Author Topic: find references and irrelevant results  (Read 8267 times)

IkerAriz

  • Senior Community Member
  • Posts: 159
  • Hero Points: 6
find references and irrelevant results
« on: September 09, 2018, 02:09:52 PM »
A long standing issue recently touched on by rowbearto (and myself back in 2014) is that the find references tool often adds irrelevant entries in the output window while it searches only to remove them at the end of the search.

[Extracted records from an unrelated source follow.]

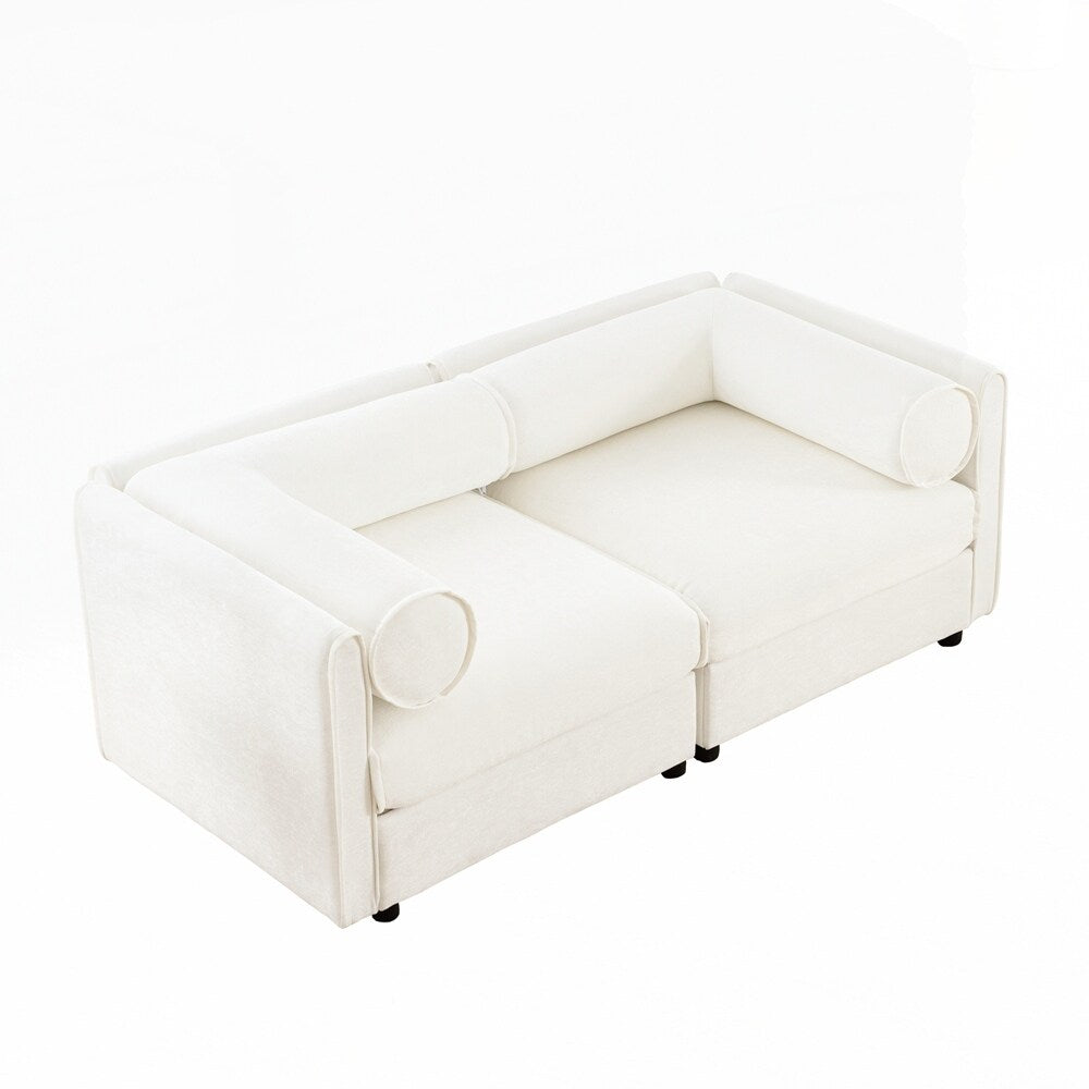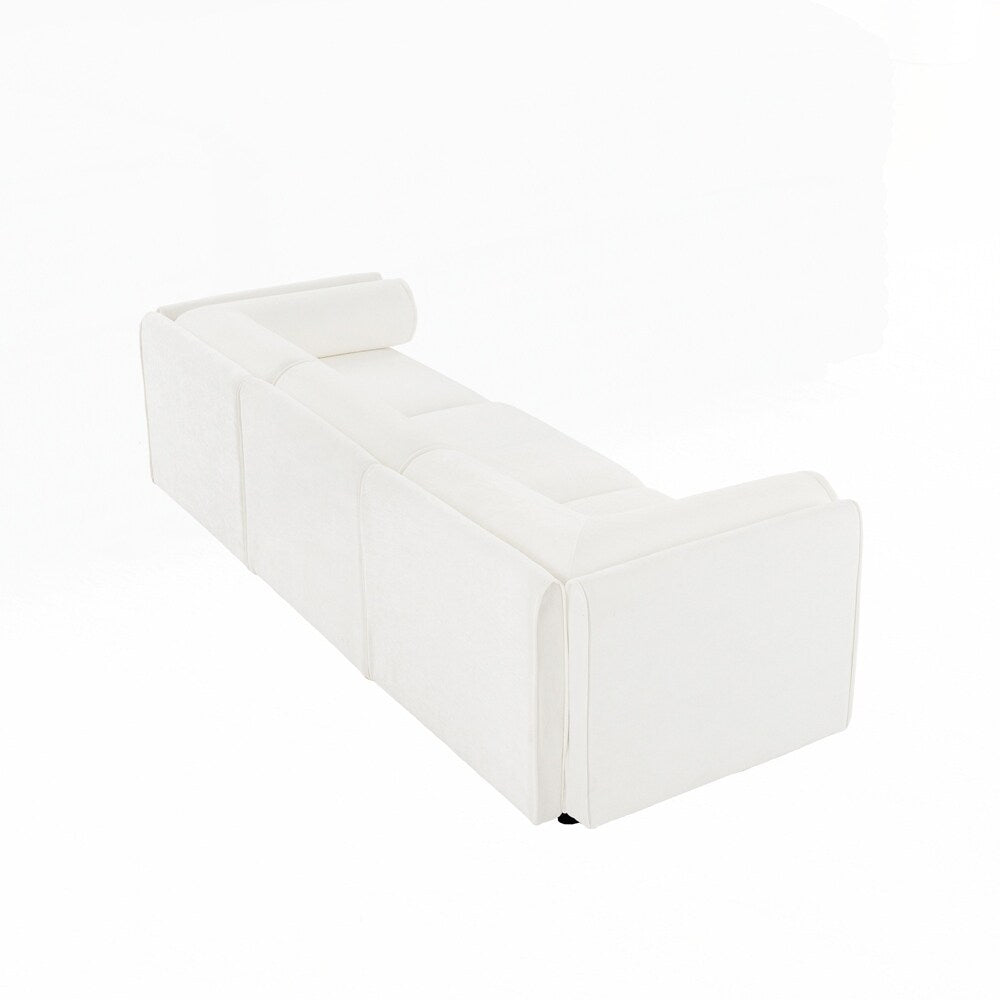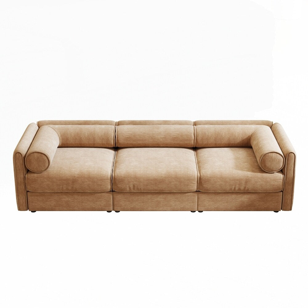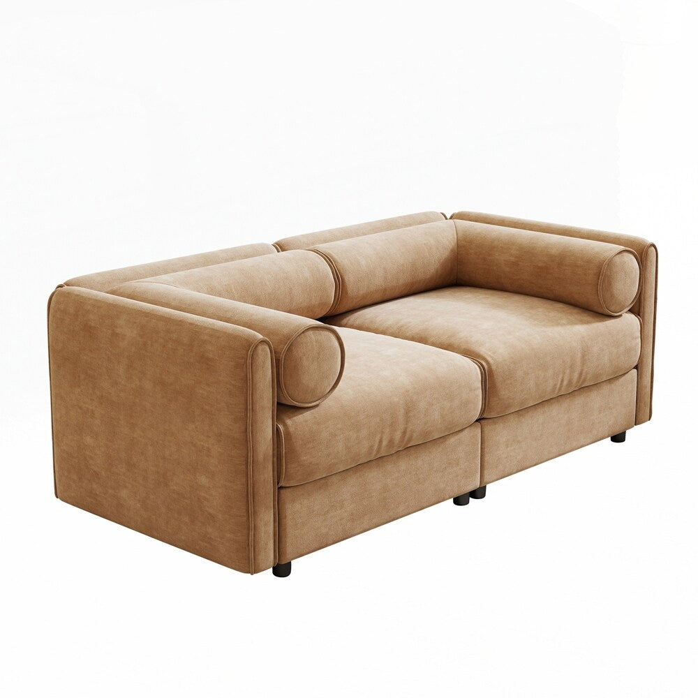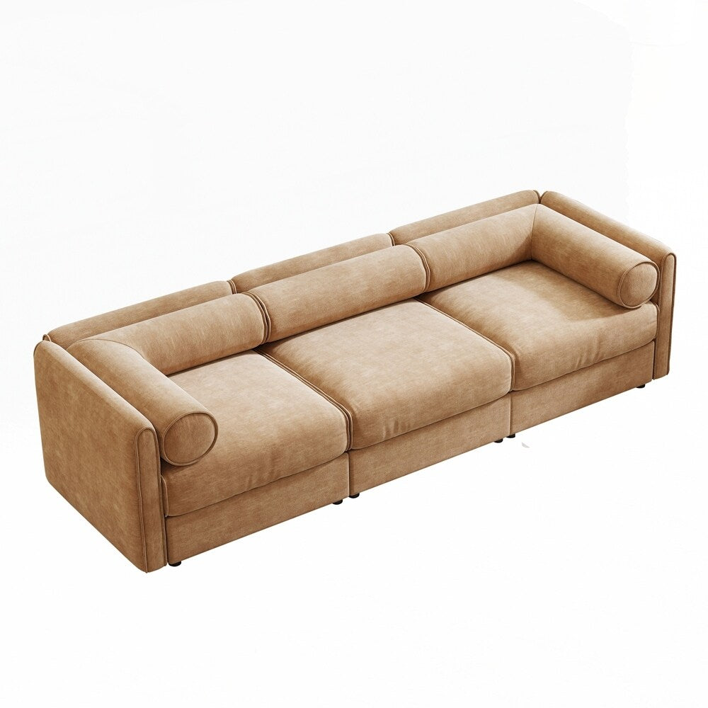 Canapé en chenille avec dossier et accoudoirs cylindriques et siège de rangement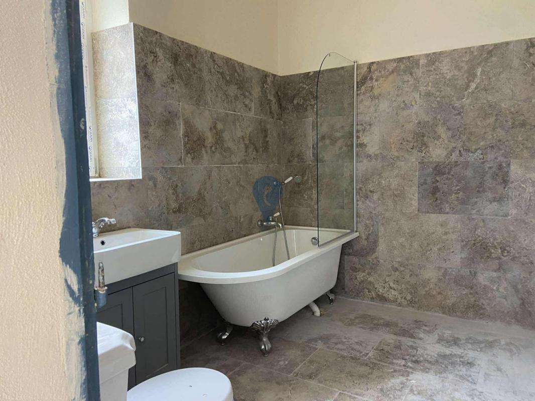 A striking limestone staircase ascends to the first floor, where three elegant bedrooms are found. The master suite benefits from a private en-suite bathroom and walk-in wardrobe, while the remaining bedrooms are served by a well-appointed family bathroom. A generous terrace overlooks the courtyard and garden, providing a peaceful outdoor retreat.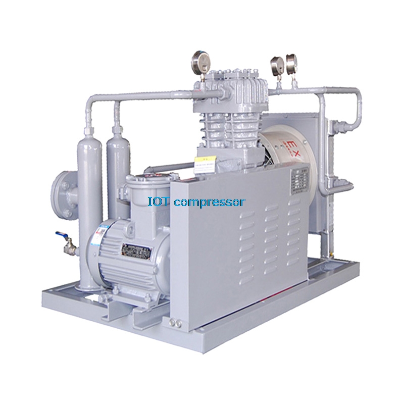 伴生氣壓縮機(jī)壓縮機(jī)是我公司新型產(chǎn)品,它集壓縮機(jī)、進(jìn)口過濾器、氣液分離器、安全閥冷卻器、電動(dòng)機(jī)等為一體,成一完整的機(jī)組。具有功能多、體積小、重量輕、功率小、運(yùn)行平穩(wěn)可靠等特點(diǎn),并有良好的安全性能。它為輸送伴生氣氣,可為用戶最大限度地創(chuàng)造經(jīng)濟(jì)效益。由于采用獨(dú)特的無油潤(rùn)滑設(shè)計(jì),氣缸內(nèi)無需用油潤(rùn)滑,因而不會(huì)對(duì)介質(zhì)造成污染,使被輸送物質(zhì)保持純凈。本機(jī)設(shè)計(jì)成機(jī)組型式,許多管線上的附件都安裝在機(jī)組上,省卻了氣液分離器、穩(wěn)壓罐、安全閥、進(jìn)氣過濾器等,減小了機(jī)房的面積,減少了操作維護(hù)工作量,節(jié)省了投資。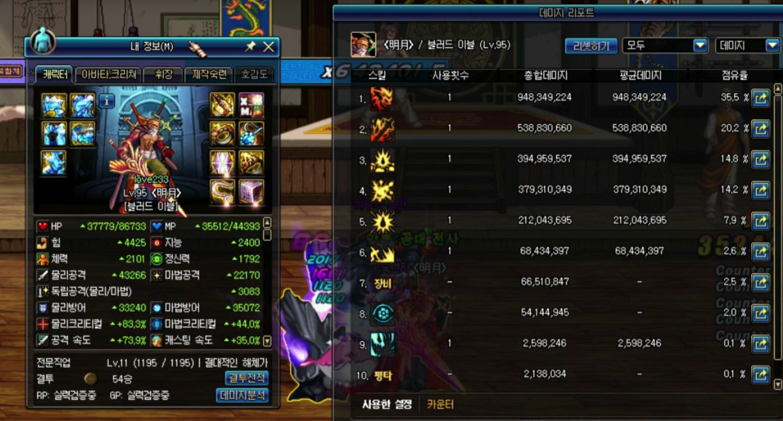 韩服的伤害测试来自猪猪侠神之手授权视频截图,这个测试的前提是比较垃圾的红眼伤害测试,站街仅有2400力量。在暴走改版前二觉伤害是9亿4834万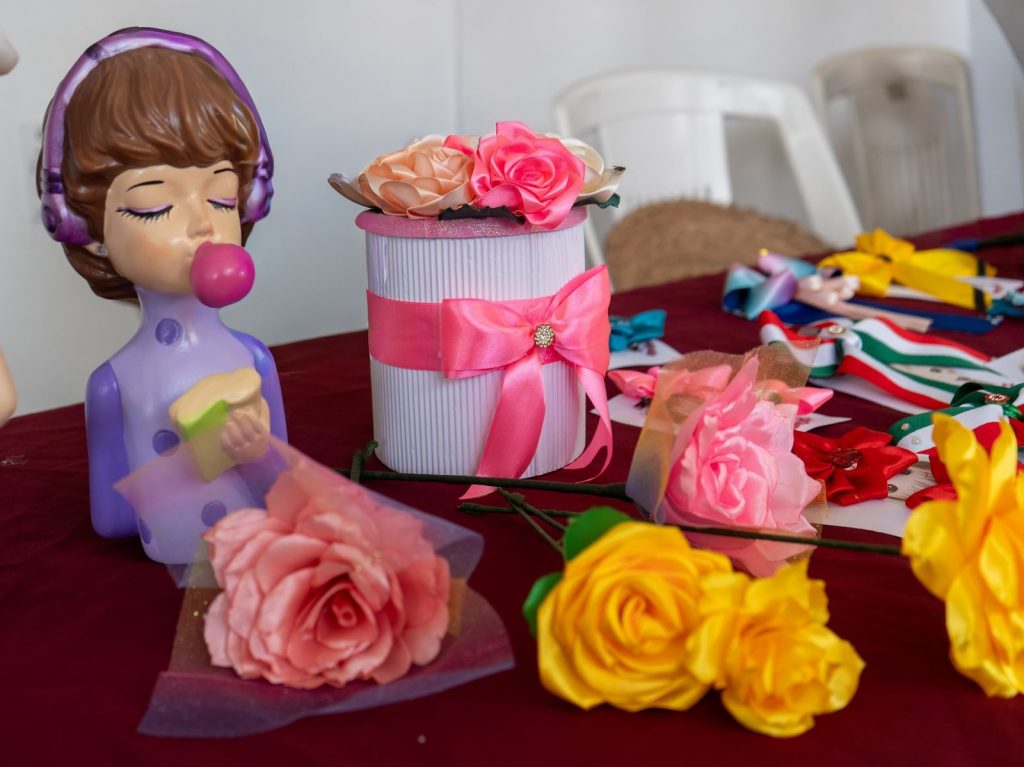 Del mismo modo, se expusieron manualidades de listón creadas en el curso de Flores Eternas, de la fundación Sin Miedo a Trabajar Contigo.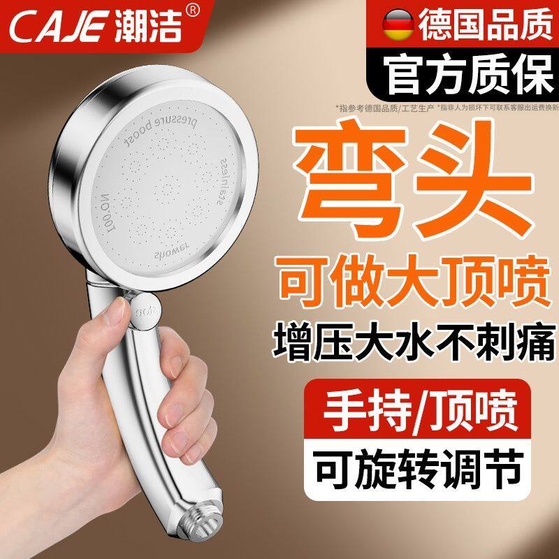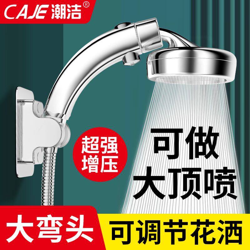 潮洁手持弯头花洒喷头可做顶喷手持两用家用淋浴莲蓬头洗澡套装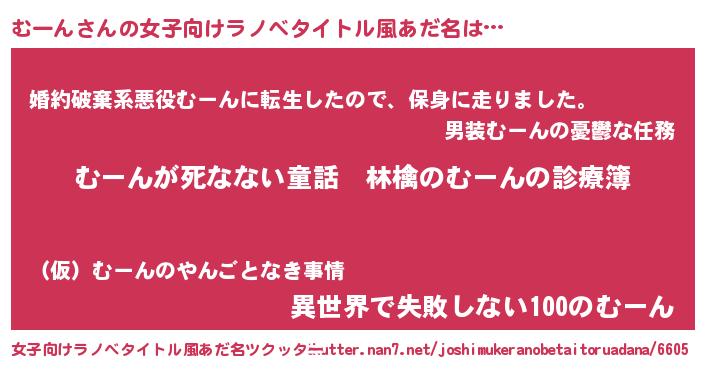 | 意味不明あだ名 | 『住所不定無職むーん(85歳)』『自称むーん』 |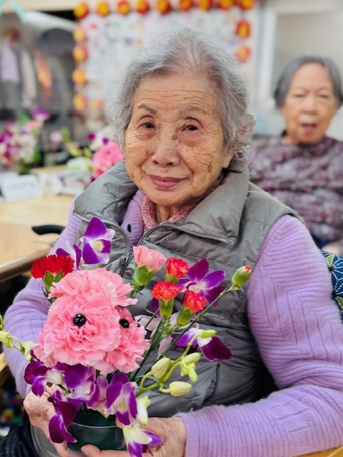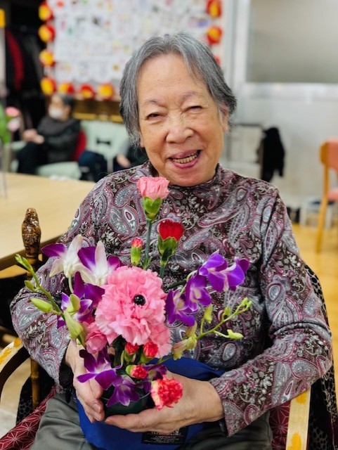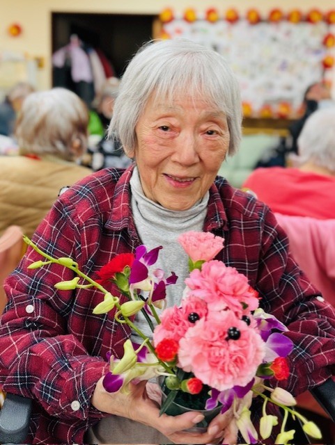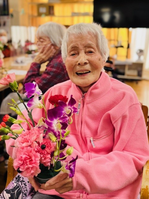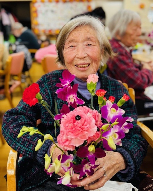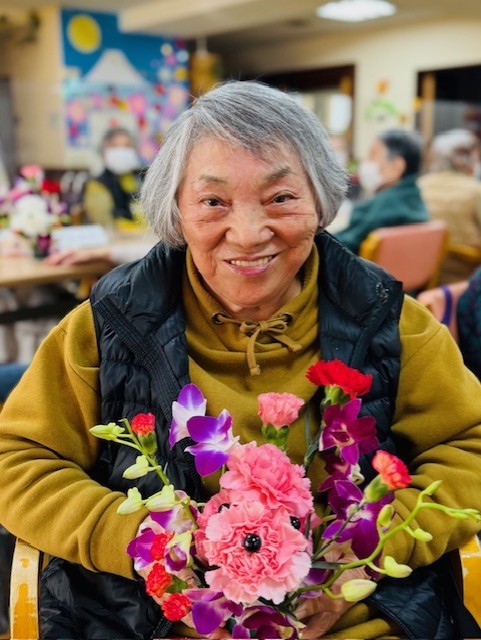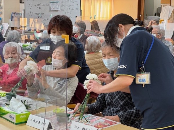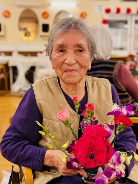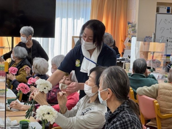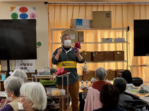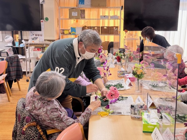 本日午後のレクリエーションは「フラワーアレンジメント教室」

This causes a fair bit of distracting "noise" in the output window that defeats the point of incremental search... incremental but irrelevant results aren't useful so I ignore them and just wait for the search to complete.

IIUC, the current implementation tries to get results to the screen as quickly as possible by first populating the window with all potentially matching files and then expanding/removing each file node as needed. Ie:

Code: [Select]
term = "foobar"
matching_files = get_matching_files(index, term)
for each filename in matching_files:
    add filename to output_window
for each filename in output_window:
    refs = get_references(index, filename, term, ...)
    if num refs is zero:
        remove filename from output_window
        continue
    for each ref in refs:
        add reference to output_window   

But I'd happily trade a longer time-to-first-result for fewer false positives if such an option were available. Ie, only add fully vetted entries to the output window:

Code: [Select]
term = "foobar"
matching_files = get_matching_files(index, term)
for each filename in matching_files:
    refs = get_references(index, filename, term, ...)
    if num refs is zero:
        continue
    for each ref in refs:
        add reference to output_window   

Thanks,
Iker

Dennis

  • Senior Community Member
  • Posts: 3960
  • Hero Points: 517
Re: find references and irrelevant results
« Reply #1 on: September 10, 2018, 02:55:51 PM »
Do you have "Find References Incrementally" enabled or disabled in  Tools > Options > Editor > Context Tagging(R)...

Whether you have it enabled or disabled, it is possible to interrupt a References search before it is finished.  Having all the files in the list, even the ones that are false-positives, makes it possible to expand the references in a specific file after the search was interrupted.

Showing the results file-by-file as they are computed takes a very small portion of time relative to the amount of time it takes to calculate whether there are references in a file or not.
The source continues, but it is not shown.